CRM Software Options for Nonprofits

 

5 Clues in Securing Your Best Fit Donor Management Software

Donor Software for Nonprofits is tough to find. We provide facts!

Recently, I had the opportunity to surf the TV tube and stumbled across an oldie but goodie movie called, Dragnet, and the famous lead character, Joe Friday appeared. I didn’t have the opportunity to watch very much, but it made me contemplate the question during my trip back from a  trip from the lake, “How would Joe Friday handle the challenge of searching for software today?”

While I certainly do not know everything old Joe Friday would do, I do believe that today nonprofit executives are required to think like “detectives” in their search for software. And, it made me think about some tips to help you think like a detective when it comes to Donor Management Software searches today.

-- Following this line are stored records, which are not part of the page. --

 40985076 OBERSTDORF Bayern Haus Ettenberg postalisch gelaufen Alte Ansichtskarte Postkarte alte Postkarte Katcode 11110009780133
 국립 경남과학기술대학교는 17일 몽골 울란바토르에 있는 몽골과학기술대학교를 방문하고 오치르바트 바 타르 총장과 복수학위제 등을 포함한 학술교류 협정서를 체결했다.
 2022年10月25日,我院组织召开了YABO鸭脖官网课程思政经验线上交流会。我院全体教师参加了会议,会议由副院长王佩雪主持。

5 Clues in Securing Your Best Fit Donor Management Software

LYBNT:

With the year more than half way done, you need to make sure you pay attention to your LYBNTs. Never heard of them? It’s an acronym that means Last Year But Not This year. It’s far easier to reconnect with someone who has already given, than someone who is yet to give to the organization. It’s not only easier, but it’s also less expensive. It’s worth the time to make phone calls, schedule visits and reach out to donors who gave the year before because they have already demonstrated they believe in your cause. Look for software which can store data in a way which is easy to find and ultimately take action upon.

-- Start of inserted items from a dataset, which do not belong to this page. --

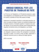 UNIDAD SINDICAL POR LOS PUESTOS DE TRABAJO EN FATE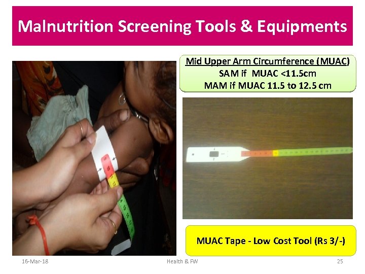 Malnutrition Screening Tools & Equipments Mid Upper Arm Circumference (MUAC) SAM if MUAC <11. 5 cm MAM if MUAC 11. 5 to 12. 5 cm MUAC Tape - Low Cost Tool (Rs 3/-) 16 -Mar-18 Health & FW 25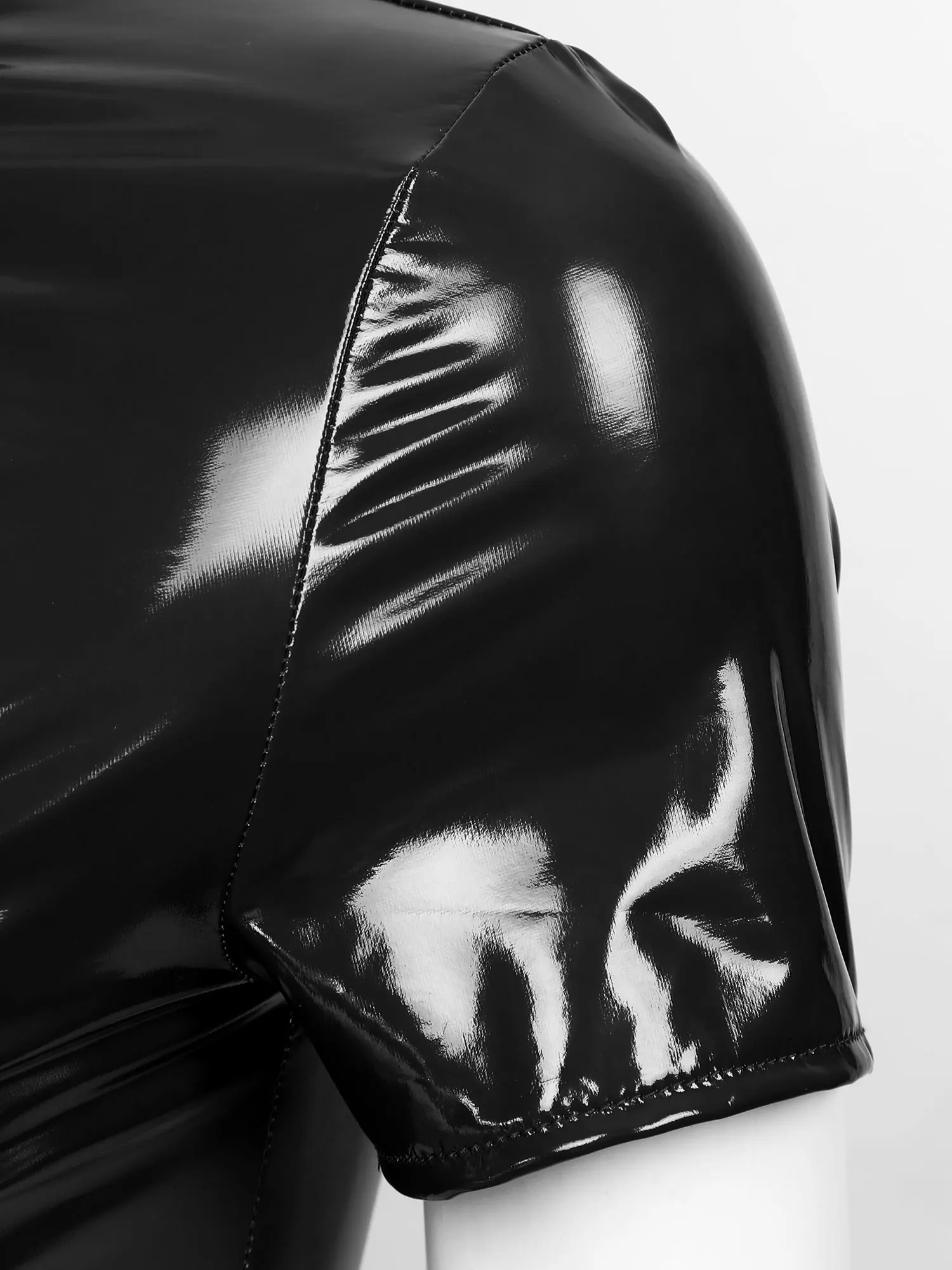 Womens Sexy Patent Leather Bare Breast Side Hole Mini Dress Hot Erotic Wear Wetlook Latex Fetish Dress Lingerie Catsuit Clubwear

All Donors Are NOT Created Equal:

Segmenting lists is crucial when working with a donor management system. It helps you send an appropriate appeal to your donors. Your major donors need more than an annual appeal letter. They need a personalized letter with a handwritten note at the bottom of the appeal letter… and a promise for a follow-up call. Donors who give consistently, monthly, and in smaller amounts need a planned giving appeal. It’s critical to find a solution which has good segmentation capabilities for pinpointing these factors and many others to help personalize appeals.

Timing is Everything:

Some of your donors will only make a year-end appeal… others only give gifts during the summer… others when you make a personal visit. Timing is everything when making an appeal. Spend time looking for trends and data to help you organize your appeals when the timing is right. Set up reminders or “ticklers” in your donor software for nonprofits. Let the computer remind you to make timely visits, phone calls or other appeals. A good donor management system must have basic Customer Relationship Management features like activity tracking at a personal level.

Gather Your Details…Details:

Financial information and demographic information should be readily available to development officers and executives in donor systems today. If you want information about giving trends, quarterly reports, or tracking for a critical campaign — someone has to be responsible for data entry. All of those numbers and records will help create a case for approaching donors. And, likely as important is tracking the demographic details about the donor. The system needs to be able to store as much as you need to develop a relationship with a donor. When is their birthday? What school did they attend? The more details the better.

Just the Facts Ma’am:

Finally, this is the statement that made Joe Friday famous… and it is especially appropriate for non-profit work. Good donor management software will include the facts about the person and your visits. It is important to capture the flow of conversations, questions and even objections made by donors. Sometimes, it will help you include timely stories and details to help the donor know you remember specifics about their personal lives. The more personal and relational — the better!

Today, notes about an individual can be pulled into a donor management system to understand not only basic financial history but also relevant social signals which can help you develop a good understanding of what a donor truly cares about in addition to his or her background. Social intelligence features are huge! Get details, enter them into the system, and use them to help make long term lasting relationships.

Now, strap on that fedora (it’s the hat Joe Friday wore), arm yourself with some great donor management software, and find the resources you need to save the world!